All three Class II director nominees pass the policy screens. No named peer group is disclosed in the proxy, so the ETF fallback (XLY for Consumer Discretionary) applies to the TSR test. With a negative 3-year absolute price return of -18.5%, the trigger requires underperformance of at least 30 percentage points versus XLY to fire; available data does not confirm this threshold is breached. MaryAnn Wright holds 3 outside public board seats plus this board, totaling 4 — exactly at the policy limit but not exceeding it, so no overboarding flag is triggered. All nominees are independent (except as noted for the full board), have relevant qualifications, and attendance is satisfactory.

Say on Pay

✓ FOR

CEO

John Van Scoter

Total Comp

$4,687,495

Prior Support

N/A

CEO John Van Scoter received total compensation of $4,687,495 in 2025, consisting of $551,079 in salary, $544,000 in annual cash bonus (98% of target), $3,576,436 in stock awards (RSUs), and $15,980 in other compensation. The pay mix is strong: approximately 74% of total target compensation was delivered in long-term equity awards, well above the 50-60% variable pay threshold required by policy, and fixed salary represents only about 12% of total pay, far below the 40% fixed-pay concern level.

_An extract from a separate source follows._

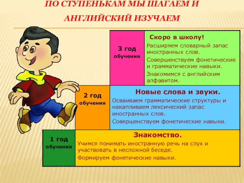 Слайд 4По ступенькам мы шагаем и английский изучаем
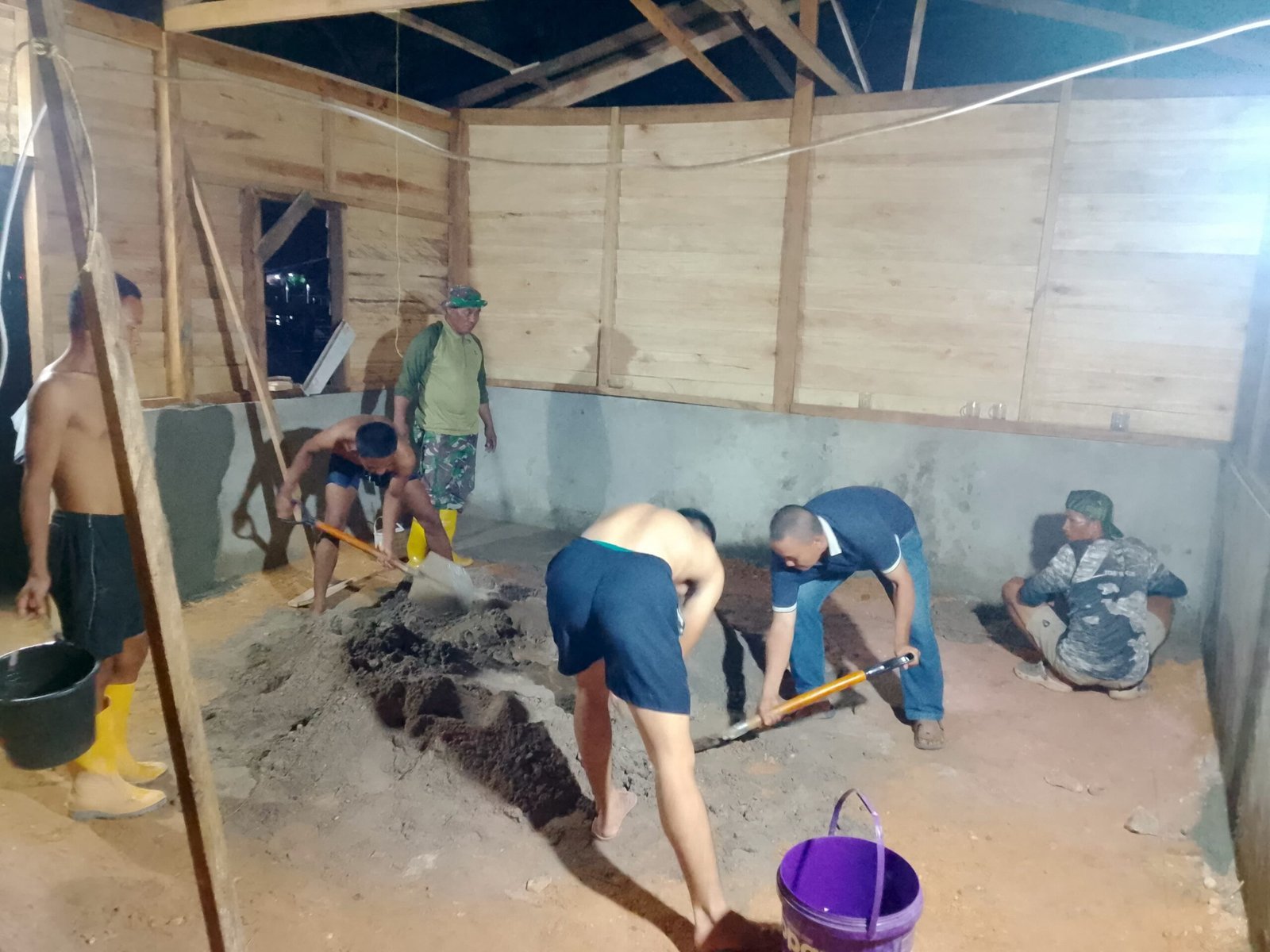 Para prajurit terlihat bahu-membahu mengerjakan berbagai tahapan pembangunan, mulai dari pemasangan rangka kayu bagian atas hingga proses perapian lantai bangunan.

The prior year Say on Pay vote is noted as having been approved at the 2025 annual meeting without a specific percentage disclosed in this filing, but the proxy states stockholders approved the compensation, so no failed vote concern applies. The annual bonus is tied to specific operational milestones related to electrolyte development and partner agreements, providing meaningful performance linkage, and RSU awards vest over four years with a one-year cliff, aligning executive and shareholder interests over time.

Auditor Ratification

✓ FOR

Auditor

Deloitte & Touche LLP

Tenure

1 yrs

Audit Fees

$670,000

Non-Audit Fees

$141,000

Deloitte was appointed on March 7, 2025, giving them approximately one year of tenure — well below the 25-year concern threshold. Non-audit fees of $141,000 represent about 21% of audit fees of $670,000, comfortably below the 50% threshold that would raise independence concerns. Deloitte is a Big 4 firm appropriate for a company of this size and complexity, and no material restatements or other concerns are noted.

Actual Vote Results

Meeting held May 20, 2026

View 8-K ↗

Director Elections

Nominee% FORVotes ForWithheld / AgainstResult
MaryAnn Wright
95.9%
76.7M3.3M✓ Elected
Steven Goldberg
87.8%
70.2M9.8M✓ Elected
Aleksandra Miziolek
84.2%
67.3M12.7M✓ Elected

Say on Pay

84.1%

For 67.3M · Against 11.9M · Abstain 777,222

✓ Passed

Auditor Ratification

98.5%

For 114.6M · Against 1.3M · Abstain 487,477

✓ Passed

Overall Assessment

The 2026 Solid Power annual meeting presents three standard proposals: election of three Class II directors (all recommended FOR), ratification of newly appointed auditor Deloitte & Touche LLP (recommended FOR given clean fee ratios and short tenure), and a Say on Pay advisory vote on executive compensation (recommended FOR given strong variable pay mix, meaningful performance conditions, and no prior vote failure). No stockholder proposals appear on the ballot, and no significant governance red flags were identified across the three proposals.